学校に着いてから、カルマくんに約束していた分をこっそり渡すことには成功した。だけど前原くんと磯貝くんには渡せないままお昼休みになってしまった。ご飯を急いで食べて校舎裏で二人を待つ。前原くん達のことは、今朝のお詫びにと菅谷が呼んで来てくれることになっている。
「生駒さーん?」
「!っあ、ごめんなさい、わざわざ呼び出しちゃって」
「いや、いいよ。どうかしたの?」
後ろから声を掛けられて、びっくりした弾みで持っていた袋がぐしゃりと音を立てる。慌てて直しながら振り向くと、前原くんと磯貝くんは不思議そうに首を傾げていた。手作りのクッキーですと渡してもピンときていないようなので、言っていたテストのご褒美だと付け足した。すると、磯貝くんが「約束通り50位内には入れなかったのに」と申し訳なさそうな顔をするので、今朝菅谷に言った言葉を繰り返した。
「うわー!!生駒さんの手作り!みんなに自慢できるな磯貝!」
「あっ……約束してた分しか作れなかったから、他のみんなには秘密でお願いします……」
「ああ、だから渡すの校舎裏で、なんだ」
磯貝くんが納得したように頷く隣で、前原くんは「ちぇーっ」と残念そうに唇を尖らせる。それから二人とも凄く嬉しそうにお礼を言ってくれた。うぁぁ……今ほっぺた真っ赤になってなきゃいいけど。
「って、俺達も生駒さんにご褒美約束してたよな。ごめん決めてなくって」
「えっ!?い、いいよ気にしないで!私も目標達成できなかったし……」
「さすが生駒さん意識高ェ……。でも俺らだけ貰うのも悪いしなー」
うーん……と考え込んでしまった二人に慌てる。そ、そんな、なんだか私からご褒美渡すことで自分の分もと催促してしまった気がして申し訳なくなる。決してそんなつもりではなかったのに。そ、そりゃあテスト前に二人からご褒美を約束されてモチベーション上がったし、期待してなかったと言えば嘘になるけどっ!
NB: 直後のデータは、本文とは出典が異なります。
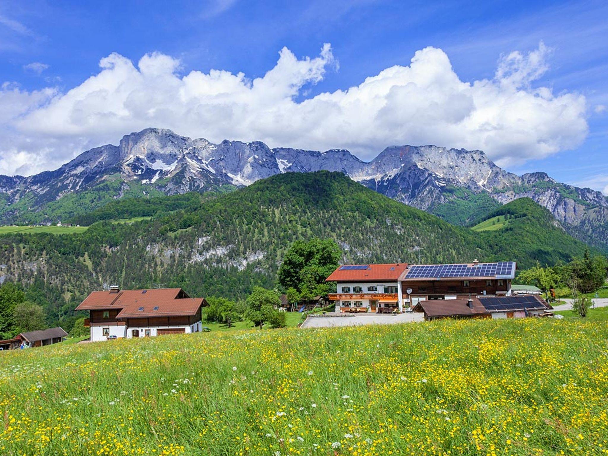 Erleben Sie die schönsten Tage des Jahres mit Ihrer Familie auf einem Bauernhof in den Berchtesgadener Alpen. Im Steinlehen finden Sie Ruhe, Erholung und Entspannung vom hektischen Alltag in familiärer Atmosphäre. Genießen Sie einen atemberaubenden Blick auf die bayerischen Berge. Unser großer Garten mit herrlichem Bergblick auf die Berchtesgadener Berge lädt zum Sonnenbaden und Faulenzen ein. Der Spielplatz am Waldrand mit Spielgeräten und Streicheltieren lässt bei Kindern garantiert keine Langeweile aufkommen. Unser bewirtschafteter Hof liegt im malerischen Marktschellenberg zwischen Berchtesgaden und Salzburg. Der Urlaubsort bietet Ihnen abwechslungsreiche Möglichkeiten, um den wohlverdienten Urlaub aktiv und erlebnisreich zu gestalten. Und das zu jeder Jahreszeit. Wir würden uns sehr freuen, Sie demnächst in unserem Haus als Gäste begrüßen zu dürfen. Ihre Familie Fuchs

「そーだ!俺らと生駒さんでメアド交換するってのは!?」
突然前原くんが指をぱちんと鳴らしてこう言った。め、メアド……?ぽかんとする私に前原くんはにっと笑う。磯貝くんは呆れたように口を開いた。
「前原、それお前が交換したいだけだろ?生駒さんへのご褒美なんだから……」
「バレたか……。えーでも、生駒さんは嫌?」
「いや、じゃ、ない!全然っ。むしろ交換して欲しいです!」
こてんと首を傾ぐ前原くんに、私は思わず声を上擦らせながら答えた。磯貝くんはちょっと驚いた顔で私を見てから、「生駒さんがいいんなら……」とポケットからケータイを取り出した。二人からアドレスを教えてもらっている間どきどきが収まらなくって、ケータイをちゃんと握っていないと落としてしまいそうだった。
交換し終わってから前原くんは「いつでもメールも電話もしてくれていいから!」と言ってくれたけど、きっと緊張してなかなか送れないんじゃないかなって思った。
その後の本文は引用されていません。